SUNDAY JOINT, 6-20-2021: SURF CITY REDUX, AND AN ENCORE FOR MAD JACK CHURCHILL
Hey All,
The Sunday Joint gets longer each week, yet I look back and see meat on the bone and marrow unsucked—so let us rejoin the feast.
First, Rodney Sumpter is still very much alive. I have made this mistake before—riffed on somebody’s life and times in such a way that could be construed as a memorial. Apologies to Rod, who is low-profile but very much of this world at age 74. Also, while I mentioned Sumpter’s famous ride up the Severn Bore, I failed to direct your attention to John “Mad Jack” Churchill, the original Severn surfer, and if I do nothing else with EOS between now and my 2060-ish retirement party I will continue to shine a light on this Nazi-beating, bagpipe-blowing British commando for whom the phrase “larger than life” was invented.
Somebody asked me how it came to be that Sumpter was the 1968 Irish champion and went on to represent the Land of Saints and Scholars in that year’s World Championships. I am stumped, but an educated guess is that Rod somehow didn’t qualify for the British team in ’68 and had to hustle for whatever world title invite he could get. My next thought, a bit cynical, was, “Why not go for the French title?” Nothing against the Irish, but come on now, saisir le jour! Sumpter spent a lot of time in Biarritz during the mid- and late-’60s, and if anybody could have found a distant Gallic forebearer in order to justify a quickie qualification for Team France, that person was Rod Sumpter.

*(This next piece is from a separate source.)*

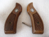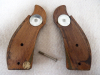 Ein Paar Griffschalen, die ich einmal für meinem S&W-Revolver, Modell 686, Round Butt-Ausführung, gekauft hatte: Holz, zweiteilig, mit S&W-Emblem. Die Farbabweichung der beiden Hälften dürfte aus dem Gebrauch resultieren.

On the other hand, unlike Ireland, there was some real competition in France at that time. Jean-Marie Lartigau (above) got in touch last week to say “Rodney was my arch-rival on the fledging Euro circuit up until I beat him at Côte des Basques beach in ’68. Haha!” I was thinking Arnaud de Rosnay (below) might have given Rod a run for his francs, too—except Arnaud by then was a Vogue photographer, waist-deep in supermodels, and off the competition circuit.

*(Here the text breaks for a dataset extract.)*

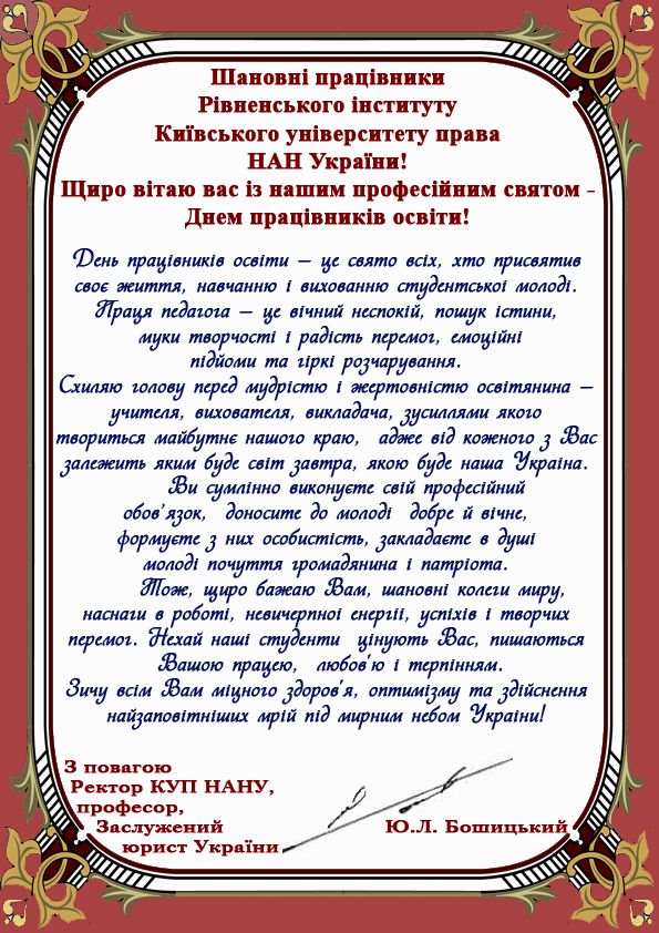Вітання ректора КУП НАНУ з Днем працівників освіти

The “Surf City” Joint two weeks ago brought a flurry of emails, half of them from mildly indignant defenders of Surf City, New Jersey (pop.: 1,199), slighted that I held up Surf City, North Carolina (pop.: 2,561) as the ideal Surf City. Let men and women of good faith agree that, when factoring in quaintness and lack of rioting, either is preferable to Huntington. (But in fairness, I’ll take HB over Surf, California, partly because of the “Great White Serial Killer” and partly because there is literally nothing in Surf but an unmanned Amtrak station, and I like being antisocial only when there are people around.)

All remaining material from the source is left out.